• _YOUR INSTRUCTIONS_: Retype, with no pictures, each line from the one that holds "12 x puzzelmatten" through the last line of the entries below, both included.
===============
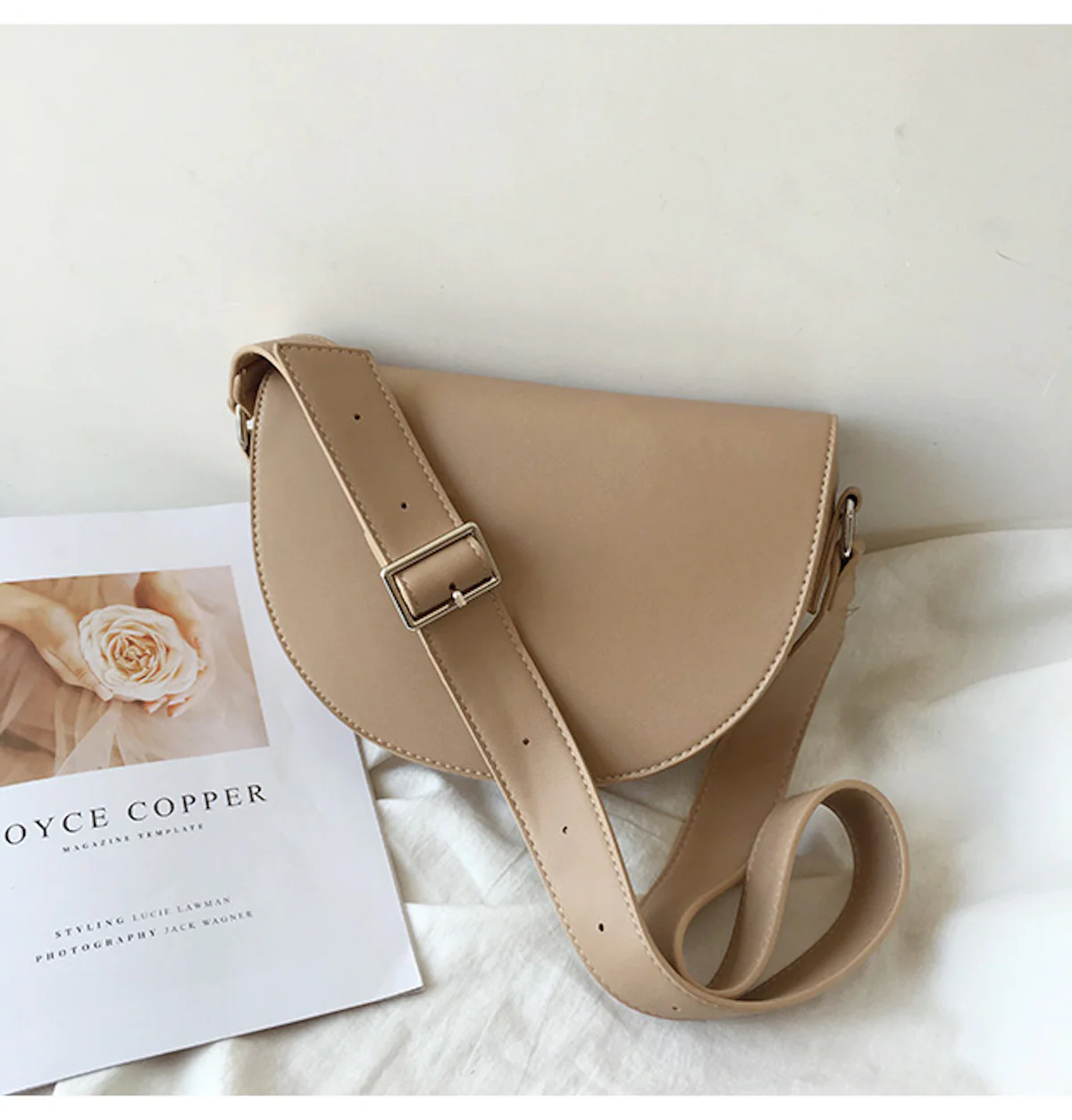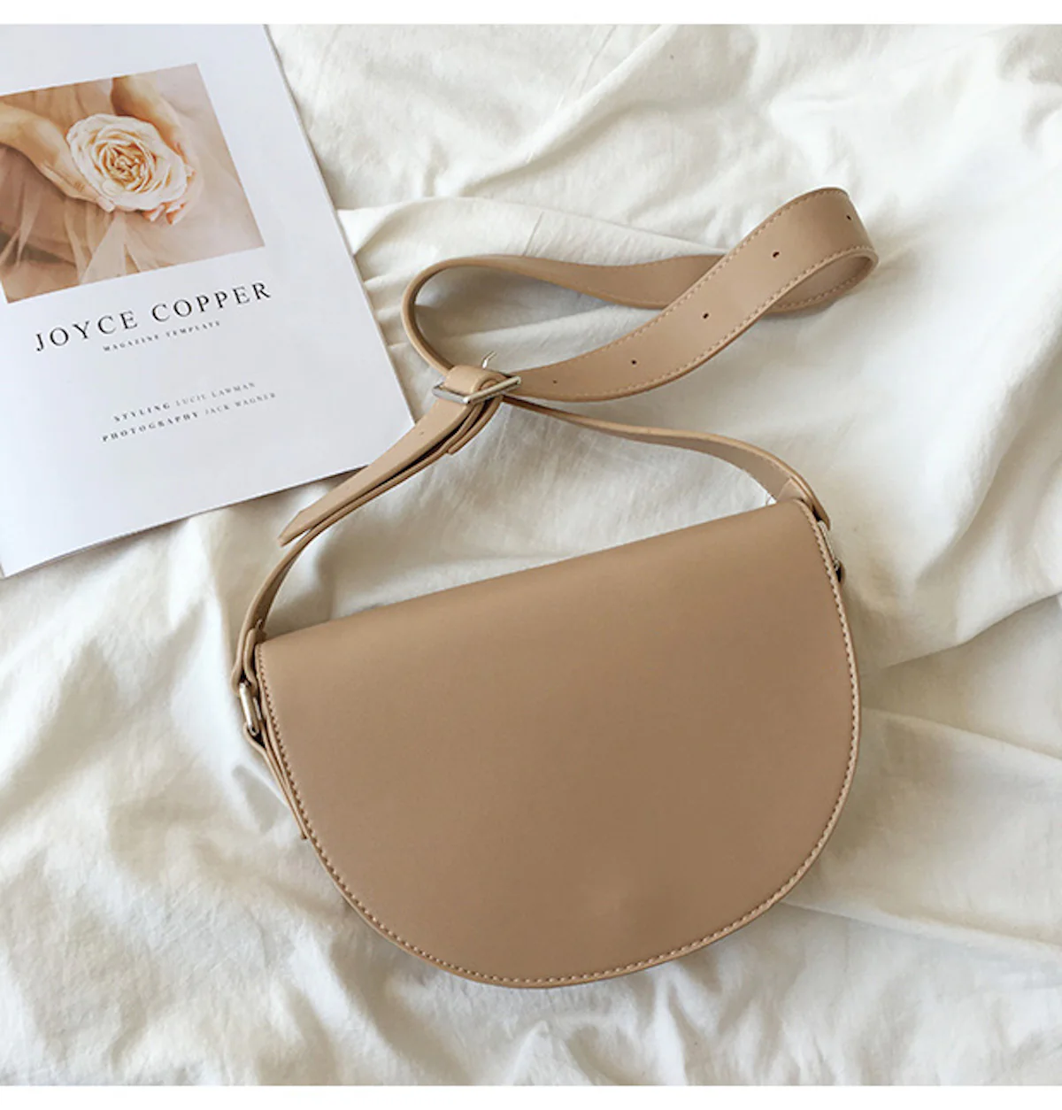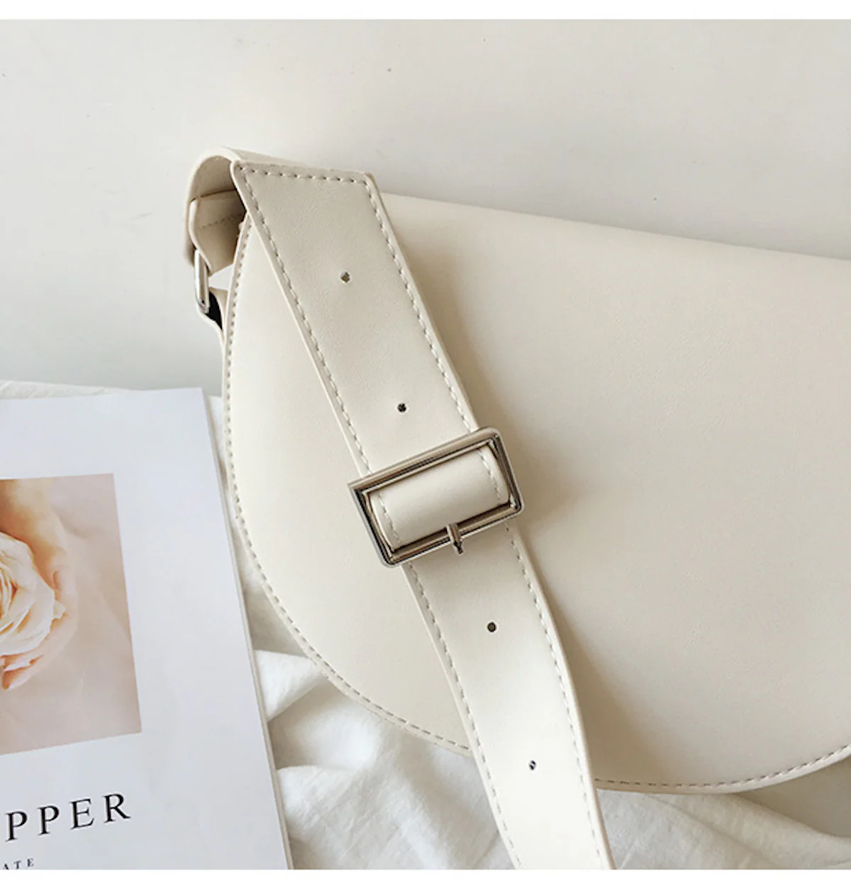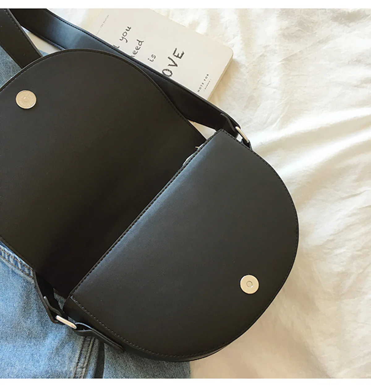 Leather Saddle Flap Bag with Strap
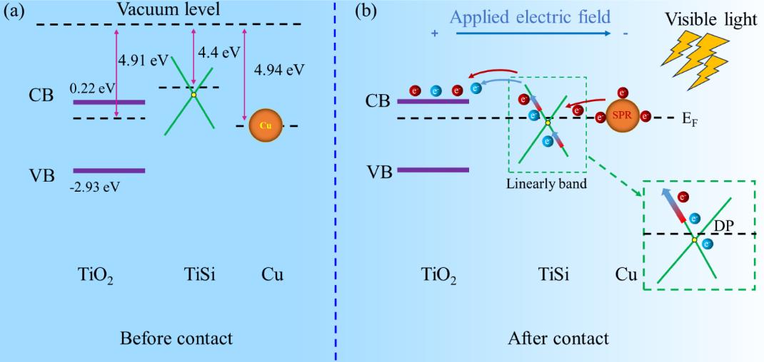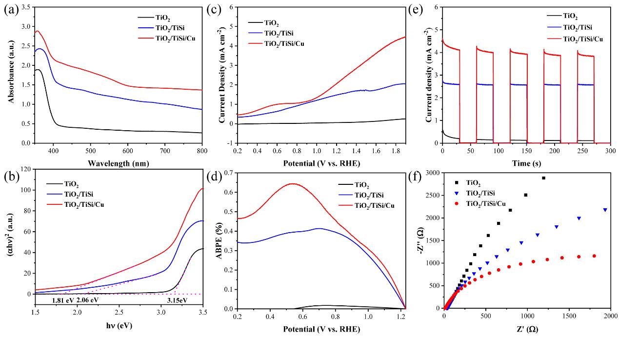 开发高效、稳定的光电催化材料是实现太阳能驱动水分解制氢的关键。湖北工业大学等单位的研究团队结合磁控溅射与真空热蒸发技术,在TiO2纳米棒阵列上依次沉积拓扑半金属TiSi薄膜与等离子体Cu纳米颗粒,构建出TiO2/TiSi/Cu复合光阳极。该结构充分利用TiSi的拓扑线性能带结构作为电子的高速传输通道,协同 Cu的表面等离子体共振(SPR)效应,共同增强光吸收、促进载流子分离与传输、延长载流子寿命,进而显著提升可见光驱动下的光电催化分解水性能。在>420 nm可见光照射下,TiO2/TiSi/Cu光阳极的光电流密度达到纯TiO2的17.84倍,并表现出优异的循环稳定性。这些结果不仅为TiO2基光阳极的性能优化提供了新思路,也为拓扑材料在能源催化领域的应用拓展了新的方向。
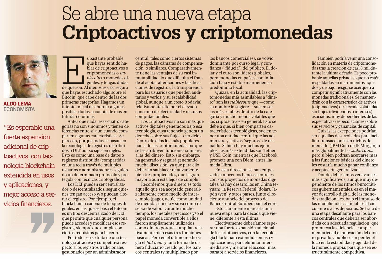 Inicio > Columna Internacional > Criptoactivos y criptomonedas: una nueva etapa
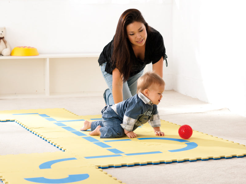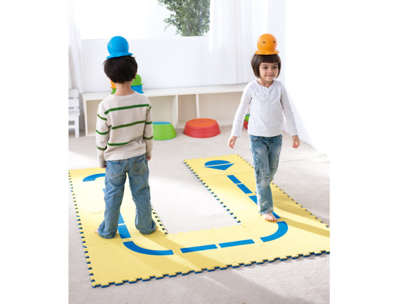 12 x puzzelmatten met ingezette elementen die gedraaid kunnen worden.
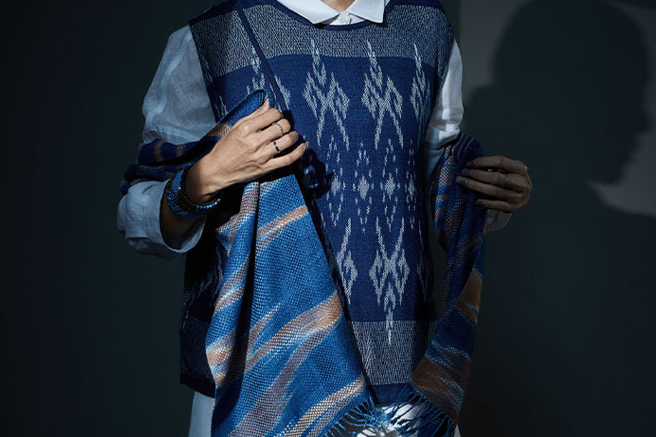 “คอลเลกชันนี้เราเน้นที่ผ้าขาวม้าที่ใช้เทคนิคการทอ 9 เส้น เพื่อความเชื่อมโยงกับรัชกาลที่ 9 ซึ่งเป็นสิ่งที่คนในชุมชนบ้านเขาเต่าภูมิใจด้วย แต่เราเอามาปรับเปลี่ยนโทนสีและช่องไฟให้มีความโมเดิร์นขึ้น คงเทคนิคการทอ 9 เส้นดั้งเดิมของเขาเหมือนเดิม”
===============
• _ANSWER FOR THIS EXERCISE_:
 12 x puzzelmatten met ingezette elementen die gedraaid kunnen worden.
 “คอลเลกชันนี้เราเน้นที่ผ้าขาวม้าที่ใช้เทคนิคการทอ 9 เส้น เพื่อความเชื่อมโยงกับรัชกาลที่ 9 ซึ่งเป็นสิ่งที่คนในชุมชนบ้านเขาเต่าภูมิใจด้วย แต่เราเอามาปรับเปลี่ยนโทนสีและช่องไฟให้มีความโมเดิร์นขึ้น คงเทคนิคการทอ 9 เส้นดั้งเดิมของเขาเหมือนเดิม”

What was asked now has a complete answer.